__Data in this exercise__.

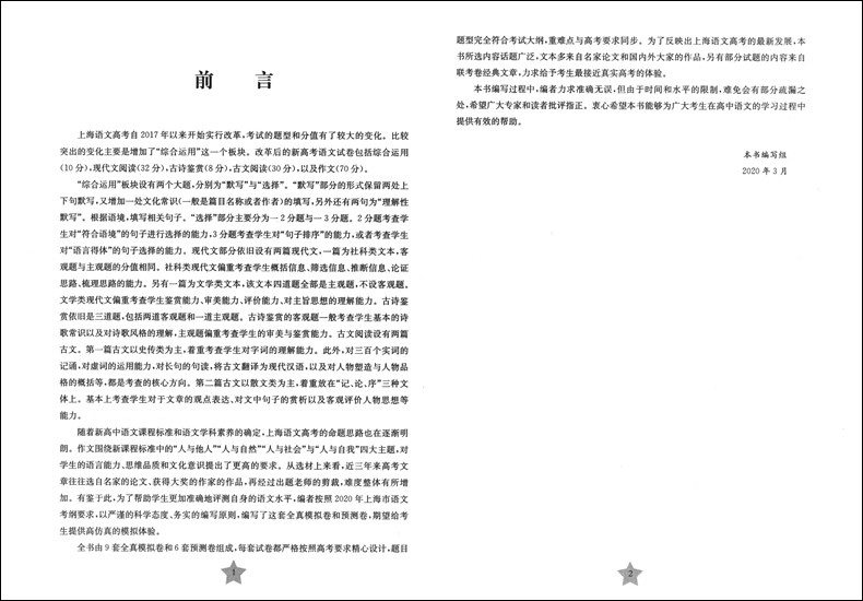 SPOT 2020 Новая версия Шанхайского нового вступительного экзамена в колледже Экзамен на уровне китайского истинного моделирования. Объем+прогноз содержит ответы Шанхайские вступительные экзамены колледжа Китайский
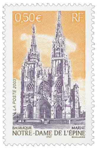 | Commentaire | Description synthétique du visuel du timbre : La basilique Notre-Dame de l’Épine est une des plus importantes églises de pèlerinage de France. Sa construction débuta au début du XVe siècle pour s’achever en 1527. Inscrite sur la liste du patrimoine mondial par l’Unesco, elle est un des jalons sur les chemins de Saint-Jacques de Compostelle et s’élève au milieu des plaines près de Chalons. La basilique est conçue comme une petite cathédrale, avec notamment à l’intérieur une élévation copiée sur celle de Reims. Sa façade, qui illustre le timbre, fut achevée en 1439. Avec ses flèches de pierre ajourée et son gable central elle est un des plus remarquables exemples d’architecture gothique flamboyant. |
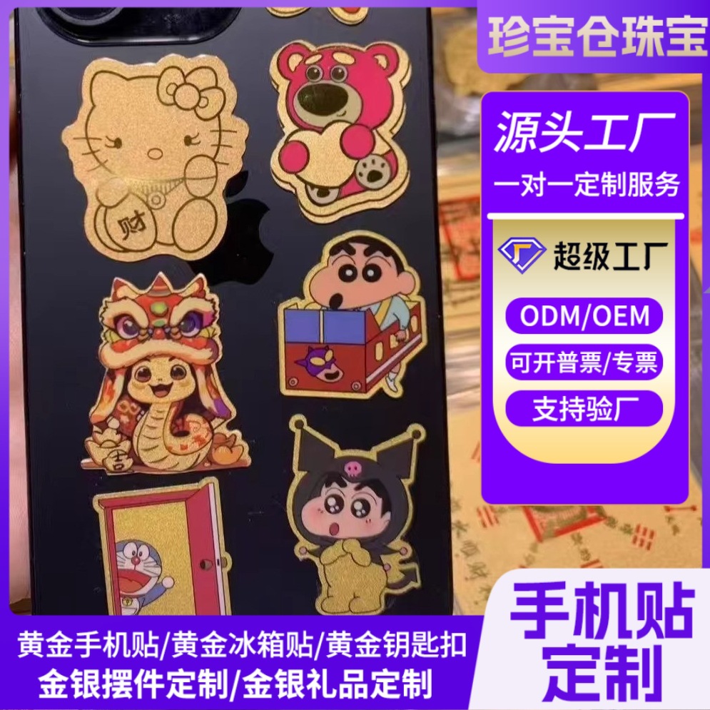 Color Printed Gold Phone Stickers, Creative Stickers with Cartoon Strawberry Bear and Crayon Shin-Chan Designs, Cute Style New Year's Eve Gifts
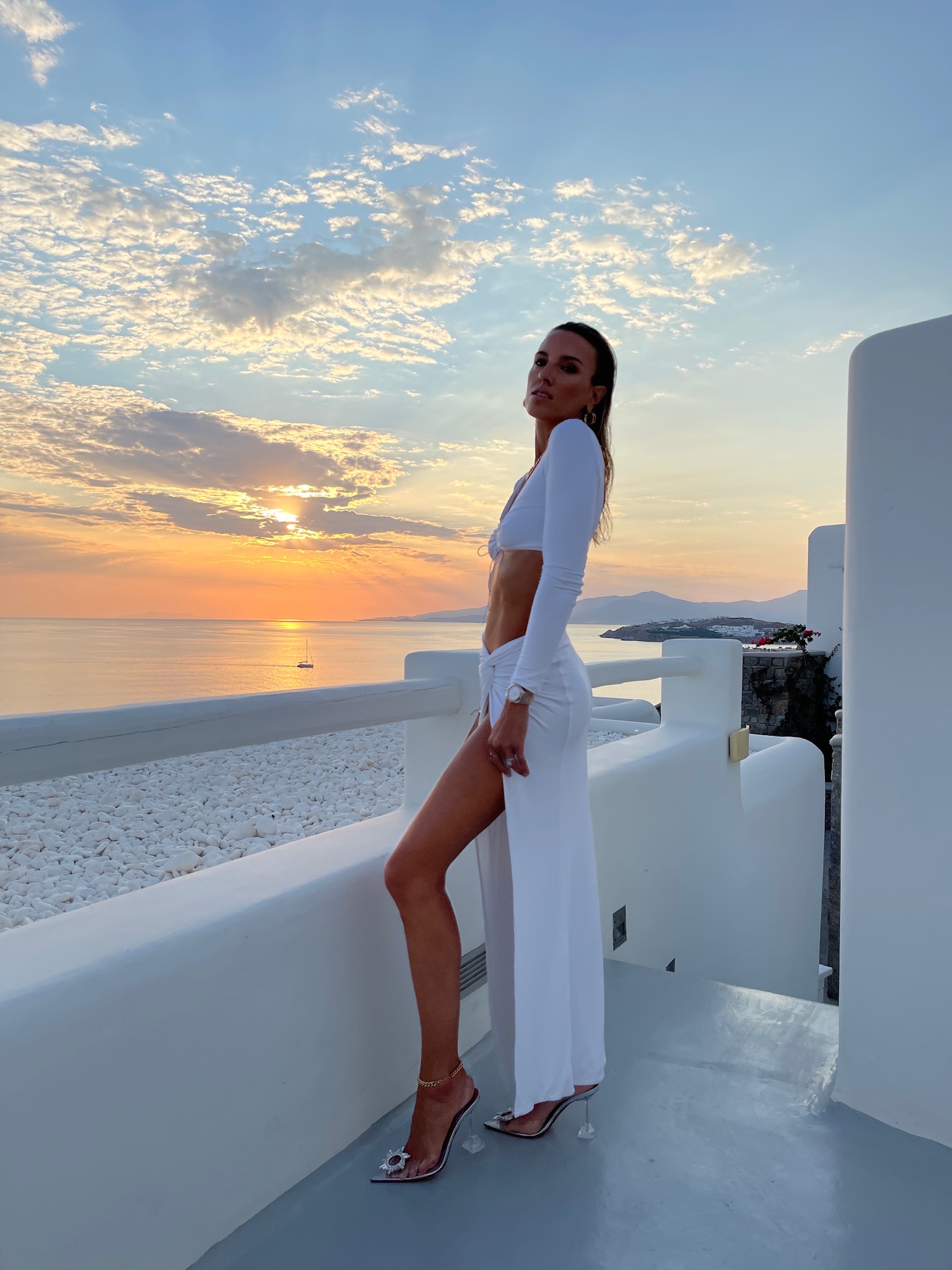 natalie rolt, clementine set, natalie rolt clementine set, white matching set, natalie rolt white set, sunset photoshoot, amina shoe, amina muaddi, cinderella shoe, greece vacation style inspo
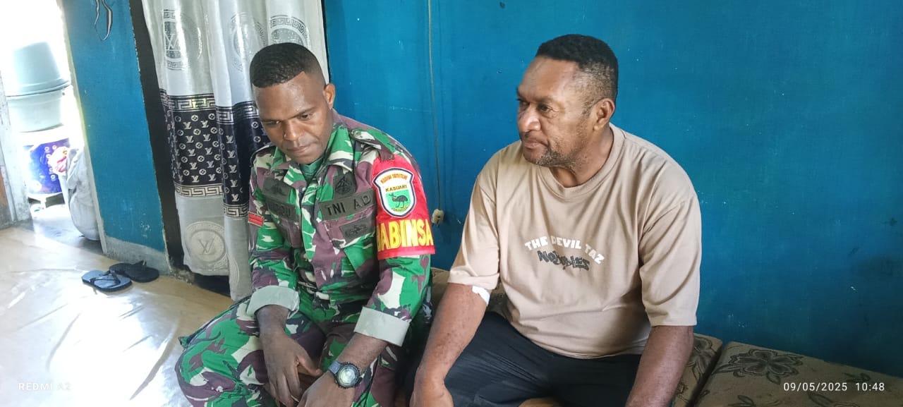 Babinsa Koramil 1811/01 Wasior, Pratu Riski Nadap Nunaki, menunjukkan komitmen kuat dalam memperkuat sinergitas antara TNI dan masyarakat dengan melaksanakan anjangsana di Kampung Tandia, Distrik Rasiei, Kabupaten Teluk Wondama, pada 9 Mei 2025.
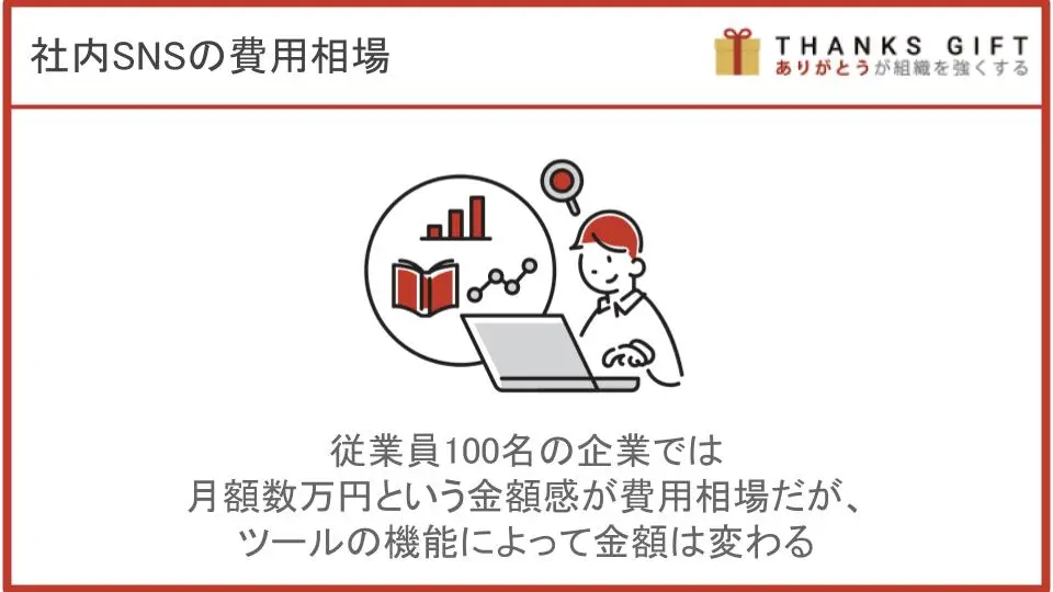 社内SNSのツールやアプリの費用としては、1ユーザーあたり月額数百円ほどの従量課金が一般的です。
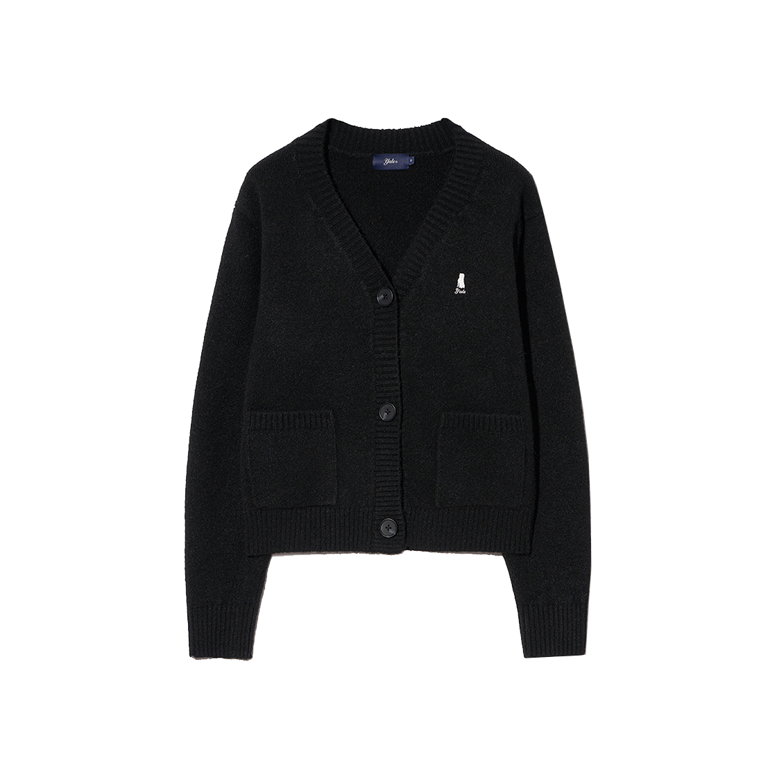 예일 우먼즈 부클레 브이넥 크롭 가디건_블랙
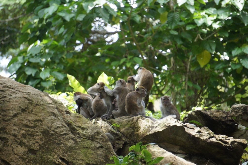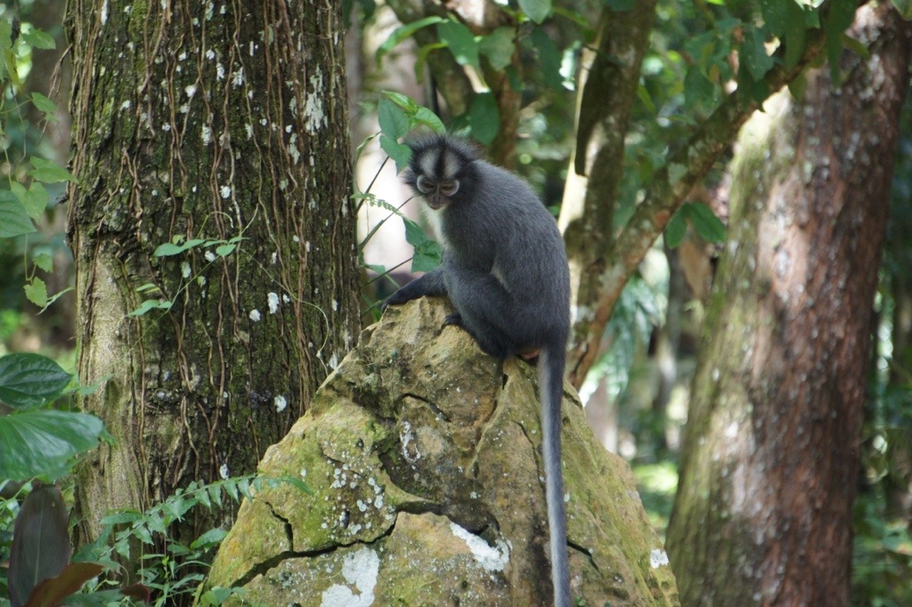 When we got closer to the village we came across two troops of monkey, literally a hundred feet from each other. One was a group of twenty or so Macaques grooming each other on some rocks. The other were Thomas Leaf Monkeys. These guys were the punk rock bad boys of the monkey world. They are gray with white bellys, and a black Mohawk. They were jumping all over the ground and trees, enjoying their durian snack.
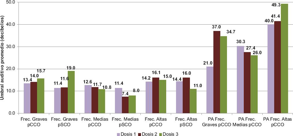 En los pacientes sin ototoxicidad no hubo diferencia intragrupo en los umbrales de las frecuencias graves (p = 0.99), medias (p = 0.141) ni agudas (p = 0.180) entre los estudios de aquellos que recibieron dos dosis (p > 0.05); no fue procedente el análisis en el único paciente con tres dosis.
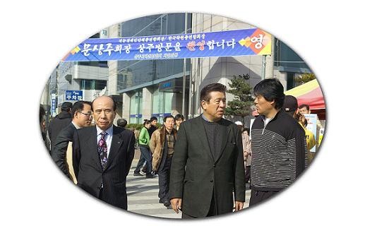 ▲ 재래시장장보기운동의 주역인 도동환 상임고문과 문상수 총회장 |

__Your goal__. Reproduce only the lines from the line with "En los pacientes" to the end of the entries. Keep both ends, copy them exactly, and omit every picture.

__Response__.
 En los pacientes sin ototoxicidad no hubo diferencia intragrupo en los umbrales de las frecuencias graves (p = 0.99), medias (p = 0.141) ni agudas (p = 0.180) entre los estudios de aquellos que recibieron dos dosis (p > 0.05); no fue procedente el análisis en el único paciente con tres dosis.
 ▲ 재래시장장보기운동의 주역인 도동환 상임고문과 문상수 총회장 |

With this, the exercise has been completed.